! Qué me duele la cabeza ¡ Oui, que la tête me fait mal. Alors que le monde s’enfonce dans un chaos climatique sans issue apparente, ceux qui devraient être au premier rang avec moi préfèrent Der Rattenfänger von Hameln. C’est-à-dire, selon le célèbre conte des frères Grimm, le joueur de flûte qui conduisit à la rivière, où ils se noyèrent, les milliers de rats qui infestaient la vie quotidienne de la ville de Hameln.
On le sait, plus sûrement on l’a oublié, mais les habitants de Hameln refusèrent de payer la somme promise au musicien, et les conséquences en furent terribles. Je vois que les gens de la NUPES, ce rassemblement de gauche – PS, PCF, Verts – autour de LFI de M.Mélenchon, ne croient pas à la sagesse des histoires anciennes.
Deux mots suffiront ce soir. Un, la France est profondément de droite, et toutes les arguties mélenchonniennes n’y changeront rien. Rappel tout proche de nos mémoires : au premier tour de la présidentielle de 2022, Mélenchon a obtenu 7 712 520 voix sur 48 747 876 inscrits. J’y ajoute volontiers deux millions de Français en âge de voter qui ne votent pas, ou plus. Soit au total près de 51 millions de potentiels électeurs. Résultat : Mélenchon obtient un peu plus de 14% de la totalité, ce qui signifie tout de même que 86% des Français en âge de voter, malgré une campagne électorale vive et bien relayée par les télés, ne l’ont pas choisi. Et le calcul est à peu près le même pour la NUPES des élections législatives. Mélenchon nie ce qui est pourtant une évidence, car autrement, il serait contraint au retour dans le bac à sable, et il n’a plus le temps de jouer. C’est maintenant, ou jamais. Il lui faut contester le réel.

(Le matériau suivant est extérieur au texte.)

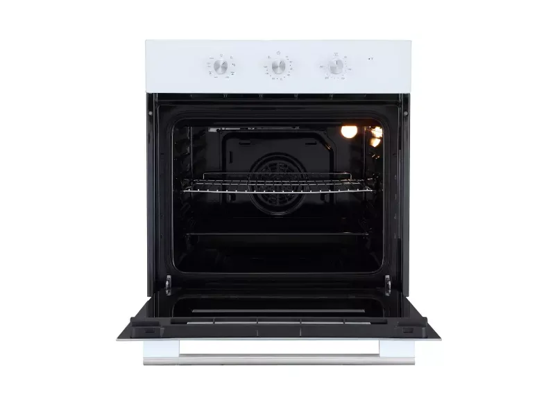 В комплекте идут универсальный противень и решетка-гриль. Дверца оснащена двойным стеклом для безопасности и легкосъемным большим внутренним стеклом Full Glass для удобства очистки. Духовка также оснащена защитным отключением, охлаждающим вентилятором и таймером на 2 часа. Габариты шкафа составляют 595х575х595 мм.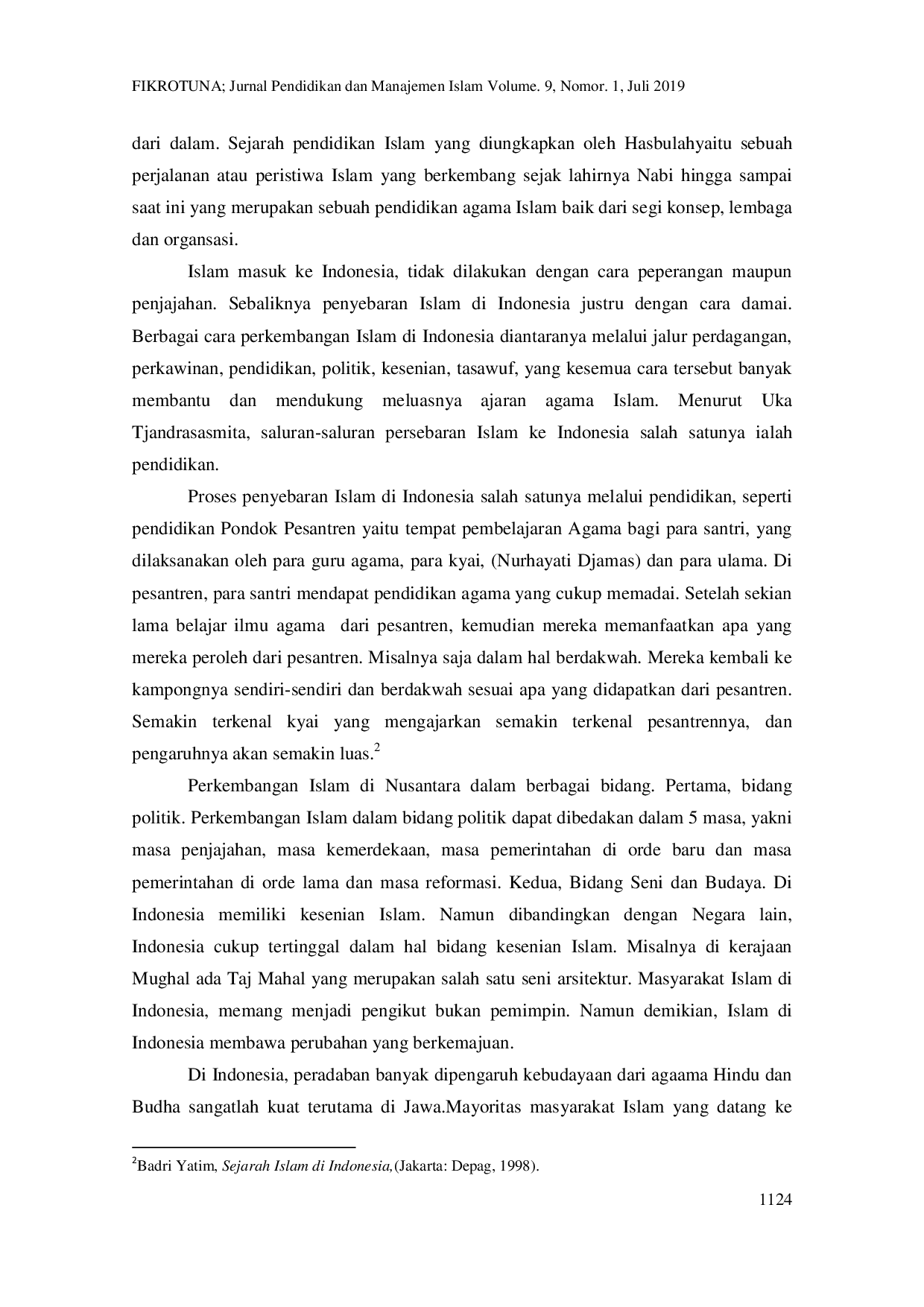 FIKROTUNA: Jurnal Pendidikan dan Manajemen IslamFIKROTUNA: Jurnal Pendidikan dan Manajemen IslamProses masuknya Islam di Indonesia dan hubungannya dengan perkembangan pendidikan Islam pada masa sebelum kedatangan Islam. Peran para muballigh dan pedagang dari Arab yang mengadakan hubungan dagang dengan masyarakat Indonesia sangat membantu proses masuknya Islam di Indonesia. Selain perdagangan, pengembara sufi dan tokoh agama juga ikut andil dalam proses masuknya Islam di Indonesia. Ada beberapa periode sejarah pendidikan Islam diantaranya periode klasik, periode pertengahan dan periode modern. Proses pendidikan Islam pada awalnya tidak hanya ada pada satu tempat dan waktu tertentu, tetapi dimanapun dan kapanpun ketika bertemunya antara muballigh, pedagang, dan penduduk pribumi, maka pada saat itu pula pendidikan Islam berlangsung. Sistem pendidikan Islam pada awalnya berlangsung di lingkungan keluarga, kemudian berkembang di surau, masjid, dan akhirnya masuk di rumah para bangsawan.

Deux, on ne peut être davantage à côté de la plaque. Le fol dérèglement climatique oblige, obligerait en tout cas à tout revoir. Et à mettre en cause la prolifération d’objets matériels et cette profonde aliénation par eux qui fait tenir le tout. Le problème est plus compliqué que dans les périodes précédentes, car le front de cette guerre décisive passe à l’intérieur de nous-mêmes, smicards compris. Or, et parce qu’il est l’homme d’un désespérant passé, Mélenchon et ses amis préparent une marche « contre la vie chère », au cours de laquelle on réclamera comme de juste plus de pouvoir d’achat, de manière à aggraver encore le dérèglement climatique. Si nous avions du temps devant nous, je me contenterais sûrement de commisération. Mais en ces temps si graves pour tous, je dois confesser que je les maudis. Que je maudis leur contribution nette – et elle est élevée – au désastre en cours.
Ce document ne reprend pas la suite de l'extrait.